Exercise goal
Exercise in exact copying: restate word for word only the lines below from the one containing "В комплекте 1- режимная" through the one containing "La ballena que", omitting any pictures.

Supplied material
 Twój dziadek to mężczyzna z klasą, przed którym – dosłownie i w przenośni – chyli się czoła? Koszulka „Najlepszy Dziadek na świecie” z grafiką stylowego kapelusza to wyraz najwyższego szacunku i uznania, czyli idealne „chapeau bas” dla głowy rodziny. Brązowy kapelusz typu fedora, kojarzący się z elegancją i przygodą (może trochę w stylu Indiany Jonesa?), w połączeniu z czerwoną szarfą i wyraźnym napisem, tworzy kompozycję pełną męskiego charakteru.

---

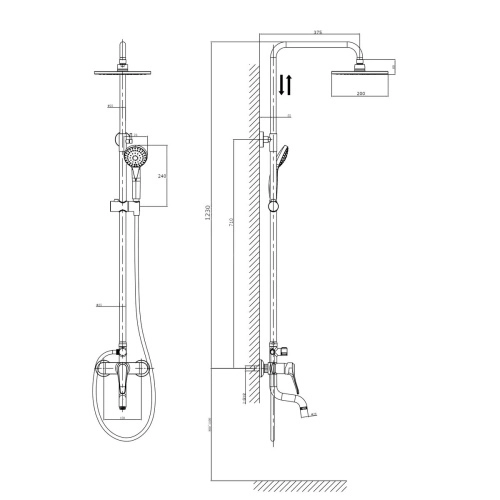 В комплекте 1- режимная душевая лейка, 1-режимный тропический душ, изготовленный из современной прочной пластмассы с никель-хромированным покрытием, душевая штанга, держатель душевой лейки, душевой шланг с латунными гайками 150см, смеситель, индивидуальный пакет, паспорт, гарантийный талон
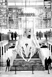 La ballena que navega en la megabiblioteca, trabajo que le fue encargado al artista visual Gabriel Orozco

Your response
 В комплекте 1- режимная душевая лейка, 1-режимный тропический душ, изготовленный из современной прочной пластмассы с никель-хромированным покрытием, душевая штанга, держатель душевой лейки, душевой шланг с латунными гайками 150см, смеситель, индивидуальный пакет, паспорт, гарантийный талон
 La ballena que navega en la megabiblioteca, trabajo que le fue encargado al artista visual Gabriel Orozco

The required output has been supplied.